And in an excited state (*), i.e. When some energy is imparted to a boron atom, its electron configuration and energy diagram will look like this:

5 B* = 1s 2 2s 1 2p 2

Depending on which sublevel in the atom is filled last, chemical elements are divided into s, p, d or f.

Finding s, p, d and f elements in the table D.I. Mendeleev:

• The s-elements have the last s-sublevel to be filled. These elements include elements of the main (on the left in the table cell) subgroups of groups I and II.
• For p-elements, the p-sublevel is filled. The p-elements include the last six elements of each period, except the first and seventh, as well as elements of the main subgroups of groups III-VIII.
• d-elements are located between s- and p-elements in large periods.
• f-Elements are called lanthanides and actinides. They are listed at the bottom of the D.I. table. Mendeleev.

DEFINITION

Atom– the smallest chemical particle.

The variety of chemical compounds is due to the different combinations of atoms of chemical elements into molecules and non-molecular substances. The ability of an atom to enter into chemical compounds, its chemical and physical properties are determined by the structure of the atom. In this regard, for chemistry, the internal structure of the atom and, first of all, the structure of its electronic shell are of paramount importance.

Atomic structure models

At the beginning of the 19th century, D. Dalton revived the atomic theory, relying on the fundamental laws of chemistry known by that time (constancy of composition, multiple ratios and equivalents). The first experiments were carried out to study the structure of matter. However, despite the discoveries made (atoms of the same element have the same properties, and atoms of other elements have different properties, the concept of atomic mass was introduced), the atom was considered indivisible.
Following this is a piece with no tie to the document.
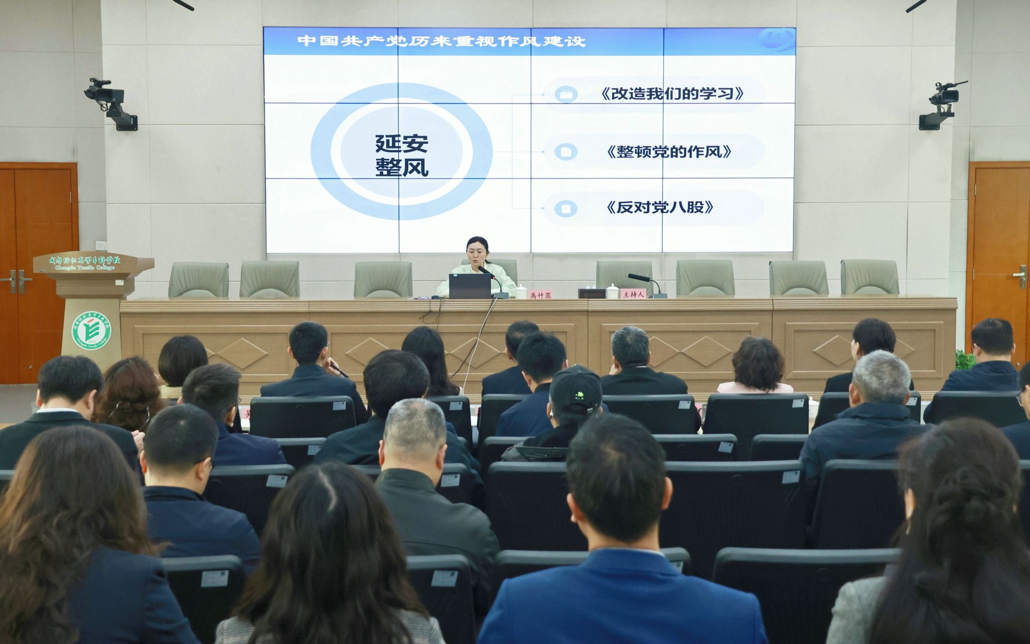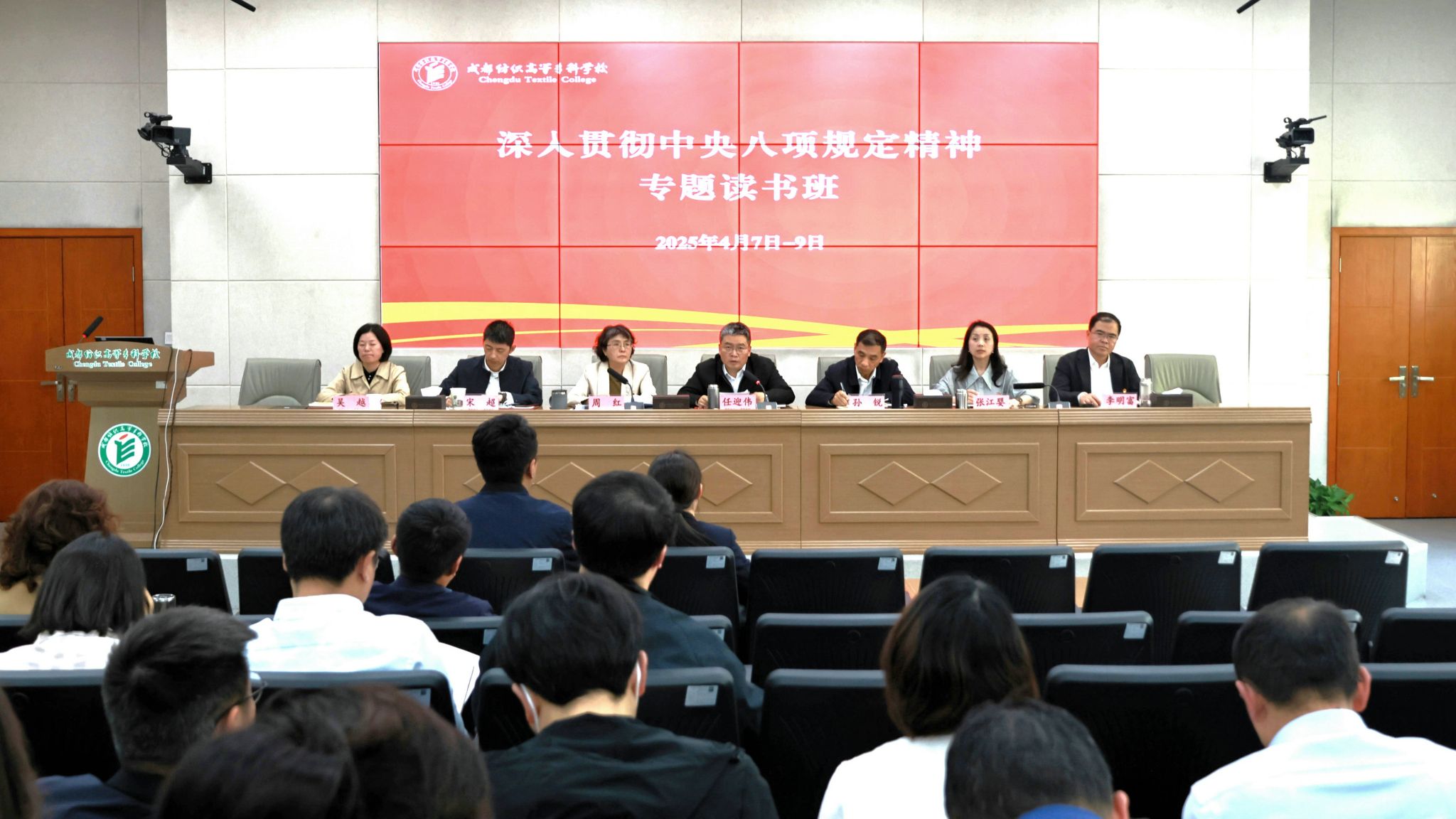 读书班期间,学校邀请省委党校禹竹蕊教授作辅导报告,通过重要节点回顾和典型案例剖析,深化党员干部对中央八项规定及其实施细则精神理解把握;集体参观眉山三苏祠家风馆,现场感悟艰苦奋斗、廉洁自律的中华优秀传统文化;集中观看中央八项规定精神专题教育片,深刻认识党风廉政建设和反腐败斗争必须常抓不懈、久久为功;深入开展交流研讨,11名关键岗位干部、新提拔干部、年轻干部结合工作实际交流学习感悟、明确思路举措,进一步筑牢以作风建设新成效推动学校事业高质量发展的思想根基,强化“强国建设、成纺有为”的行动自觉。

After obtaining experimental evidence (late 19th - early 20th century) of the complexity of the structure of the atom (photoelectric effect, cathode and x-rays, radioactivity), it was found that the atom consists of negatively and positively charged particles that interact with each other.

These discoveries gave impetus to the creation of the first models of atomic structure. One of the first models was proposed J. Thomson(1904) (Fig. 1): the atom was imagined as a “sea of ​​positive electricity” with electrons oscillating in it.
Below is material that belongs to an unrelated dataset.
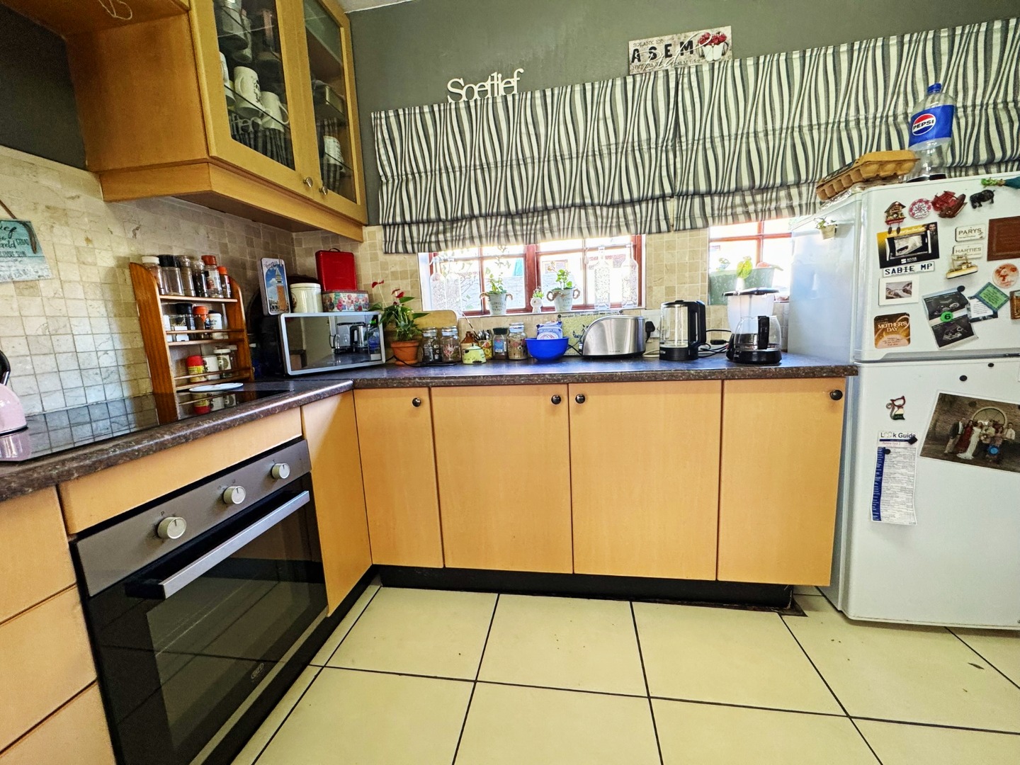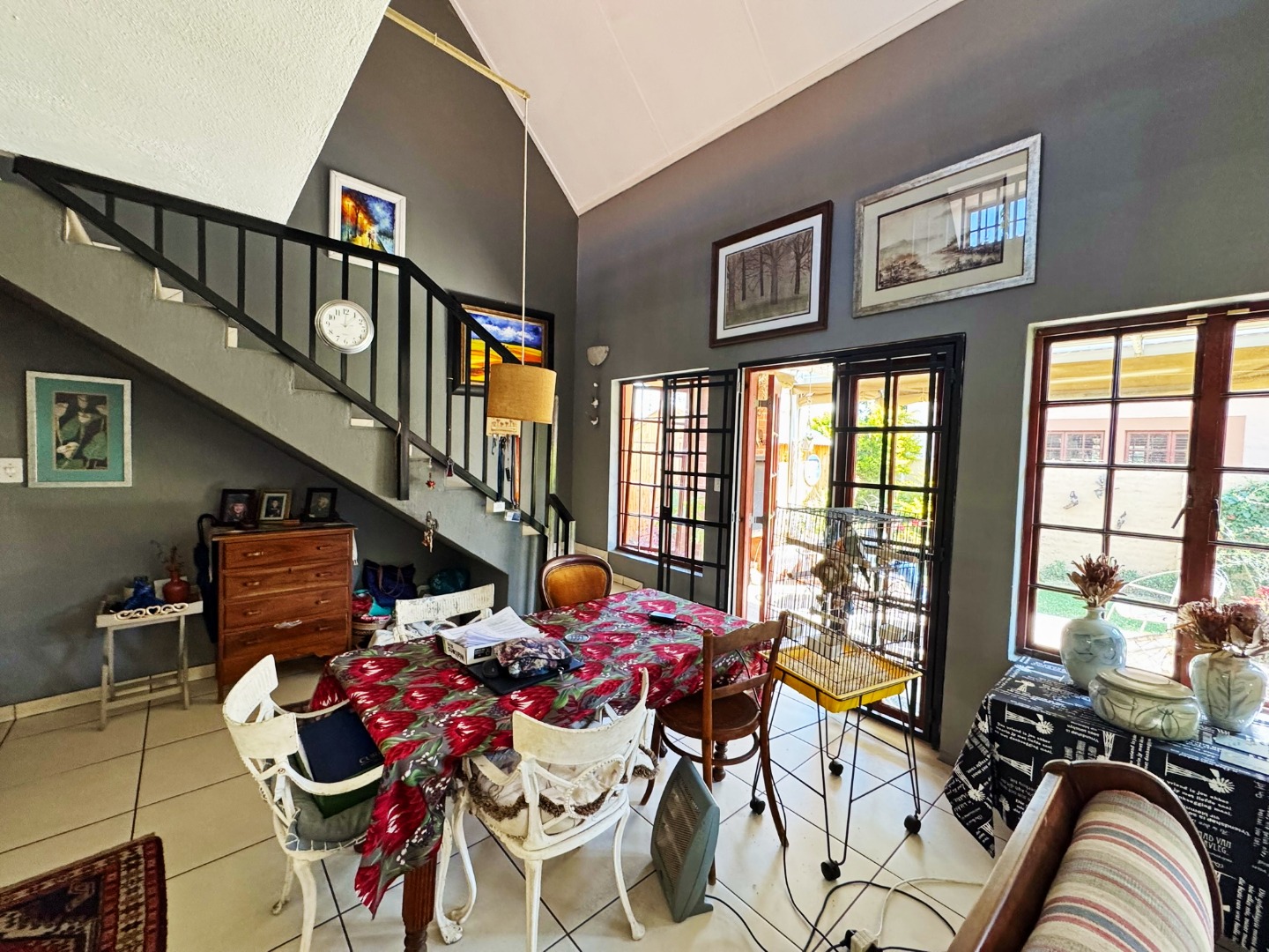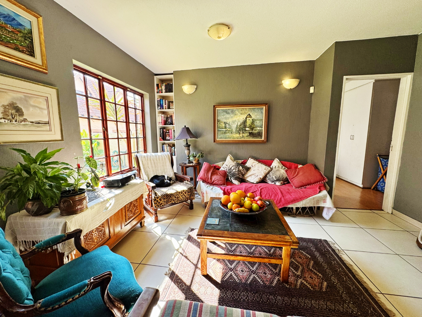 The living area extends to a covered braai area, overlooking a beautifully maintained garden — perfect for outdoor relaxation or entertaining guests.

After experiments with α-particles, in 1911. Rutherford proposed the so-called planetary model atomic structure (Fig. 1), similar to the structure of the solar system. According to the planetary model, at the center of the atom there is a very small nucleus with a charge Z e, the dimensions of which are approximately 1,000,000 times smaller than the dimensions of the atom itself. The nucleus contains almost the entire mass of the atom and has a positive charge. Electrons move in orbits around the nucleus, the number of which is determined by the charge of the nucleus. The external trajectory of the electrons determines the external dimensions of the atom. The diameter of an atom is 10 -8 cm, while the diameter of the nucleus is much smaller -10 -12 cm.

Rice. 1 Models of atomic structure according to Thomson and Rutherford

Experiments on studying atomic spectra showed the imperfection of the planetary model of the structure of the atom, since this model contradicts the line structure of atomic spectra. Based on Rutherford's model, Einstein's doctrine of light quanta and Planck's quantum theory of radiation Niels Bohr (1913) formulated postulates, which consists theory of atomic structure(Fig. 2): an electron can rotate around the nucleus not in any, but only in some specific orbits (stationary), moving along such an orbit it does not emit electromagnetic energy, radiation (absorption or emission of a quantum of electromagnetic energy) occurs during a transition (jump-like) electron from one orbit to another.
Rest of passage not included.